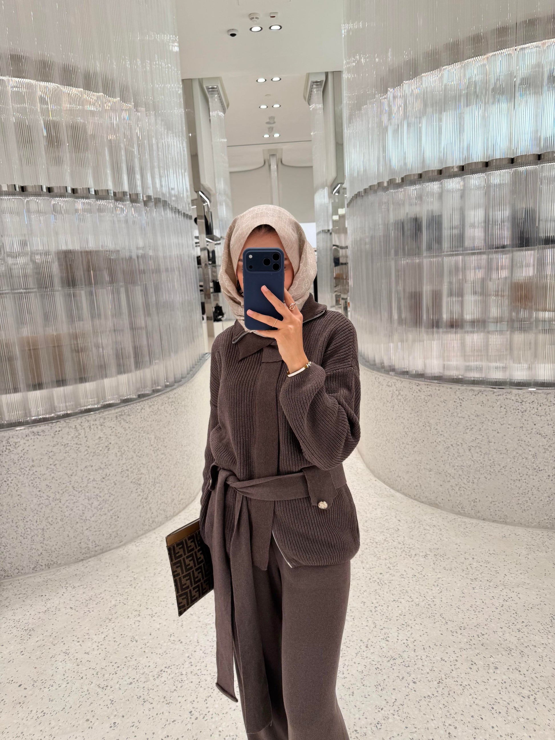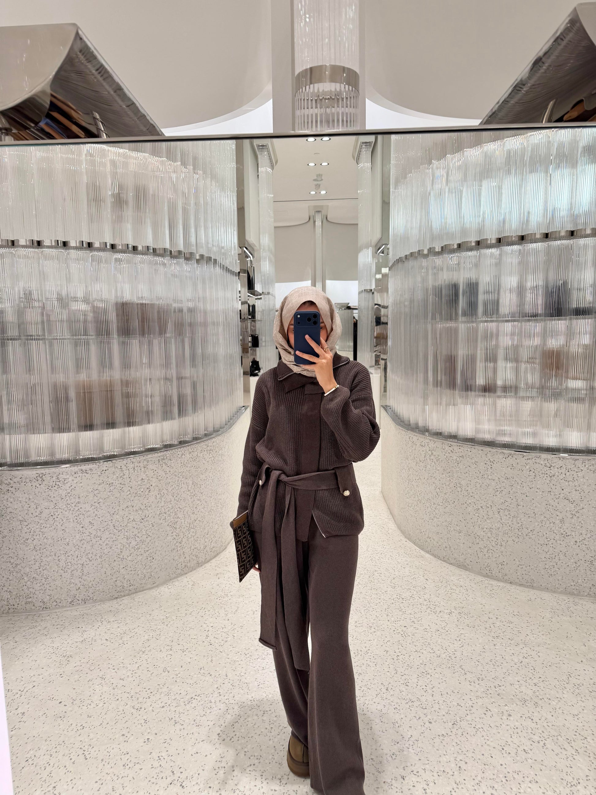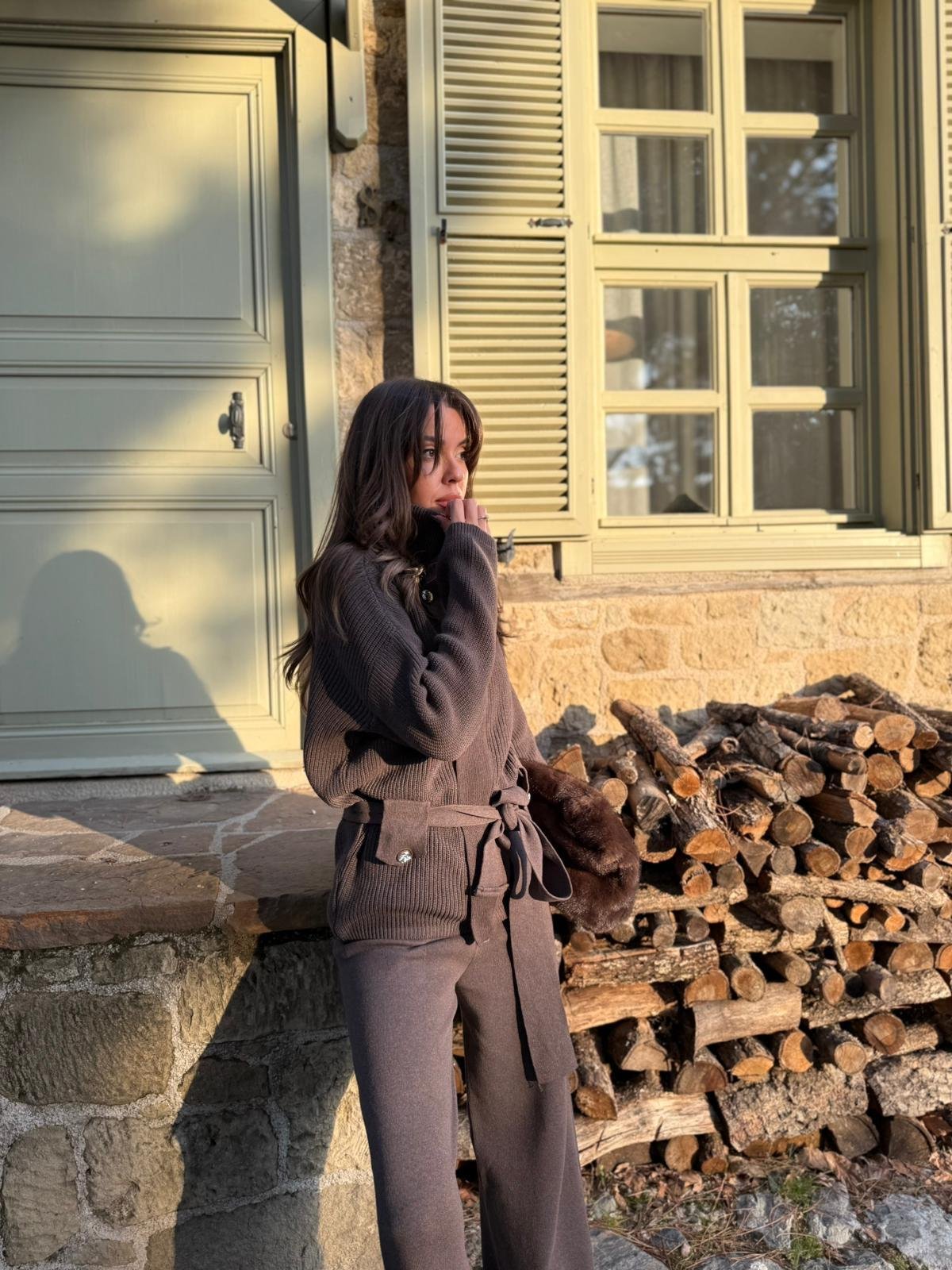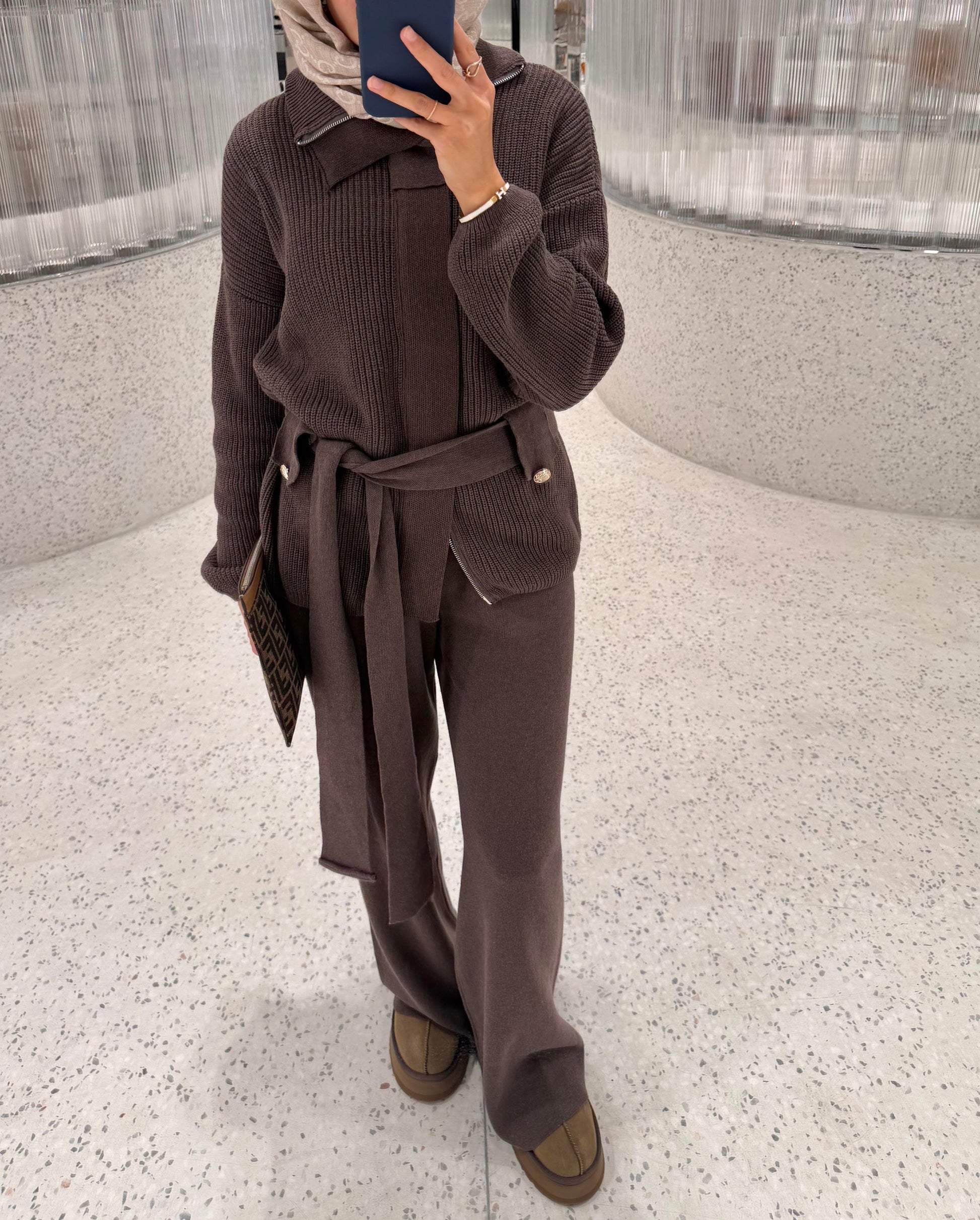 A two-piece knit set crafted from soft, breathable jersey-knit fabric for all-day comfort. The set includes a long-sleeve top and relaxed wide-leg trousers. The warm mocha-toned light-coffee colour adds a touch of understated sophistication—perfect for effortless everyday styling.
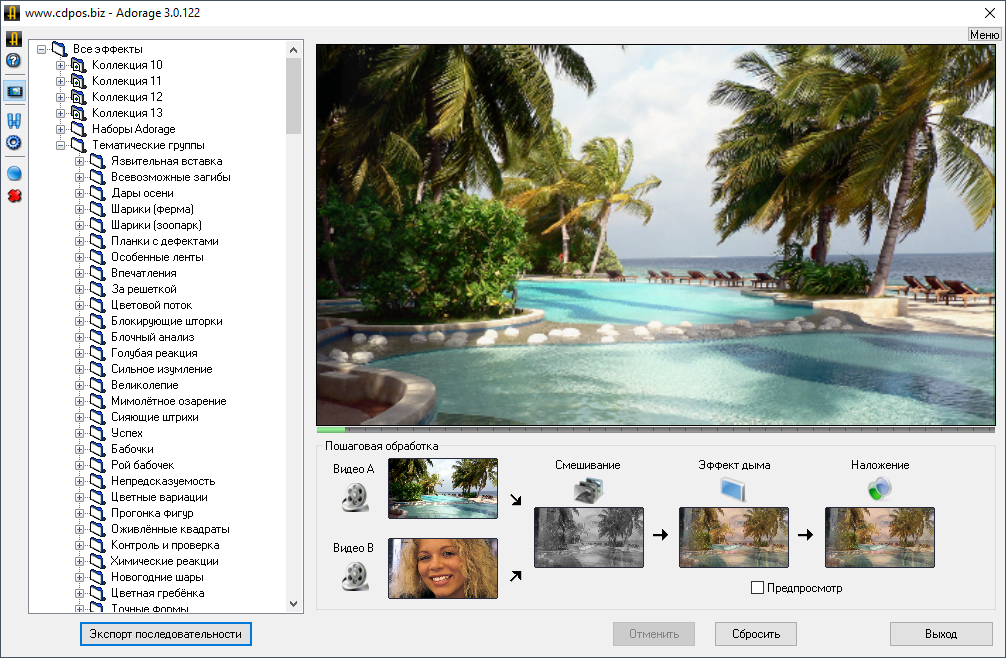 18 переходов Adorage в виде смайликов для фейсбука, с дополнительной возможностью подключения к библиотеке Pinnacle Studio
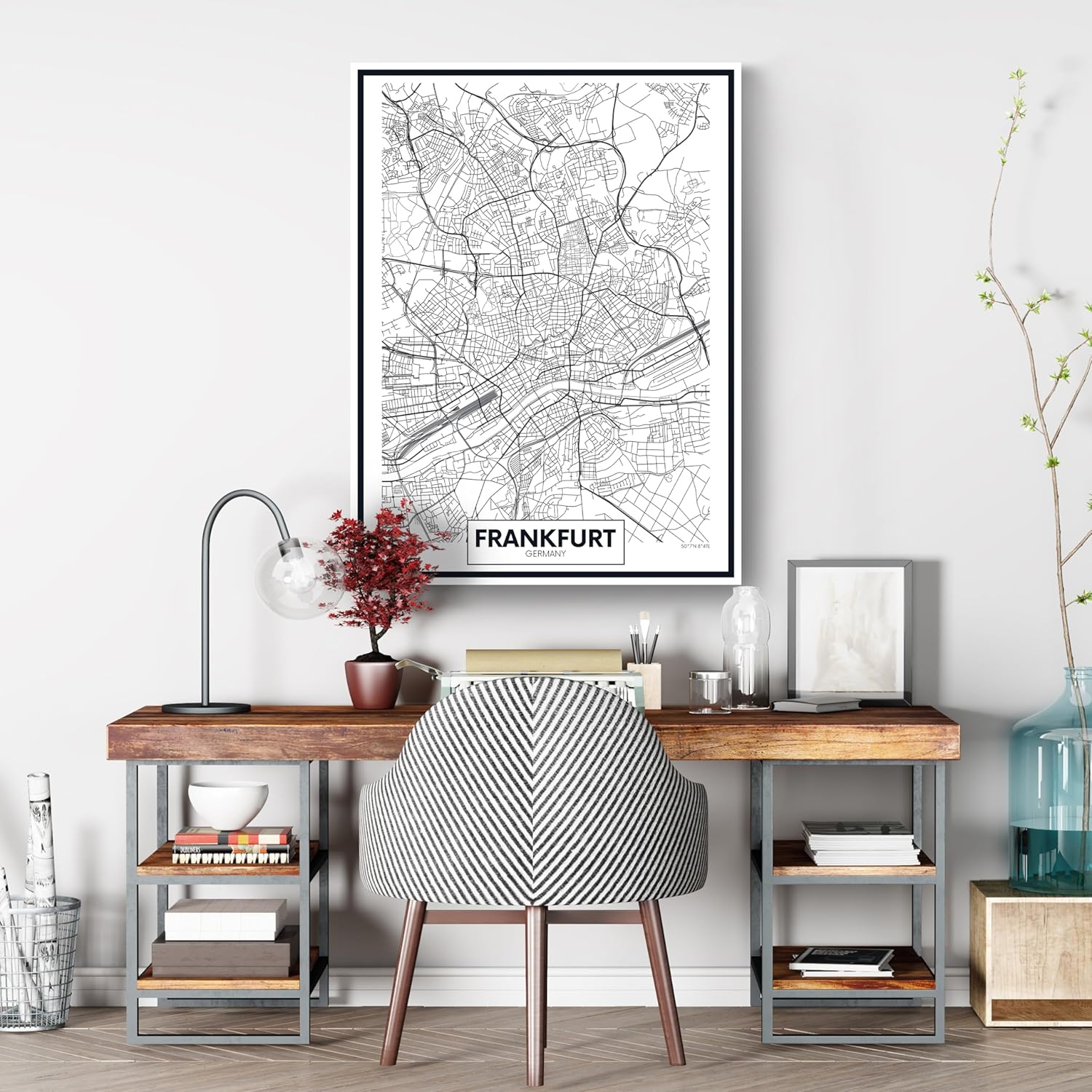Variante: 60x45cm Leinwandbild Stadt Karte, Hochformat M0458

━━━━

### Goal of the exercise
Your copy of the data above should match it exactly, apart from the images.

### Task output
 A two-piece knit set crafted from soft, breathable jersey-knit fabric for all-day comfort. The set includes a long-sleeve top and relaxed wide-leg trousers. The warm mocha-toned light-coffee colour adds a touch of understated sophistication—perfect for effortless everyday styling.
 18 переходов Adorage в виде смайликов для фейсбука, с дополнительной возможностью подключения к библиотеке Pinnacle Studio
Variante: 60x45cm Leinwandbild Stadt Karte, Hochformat M0458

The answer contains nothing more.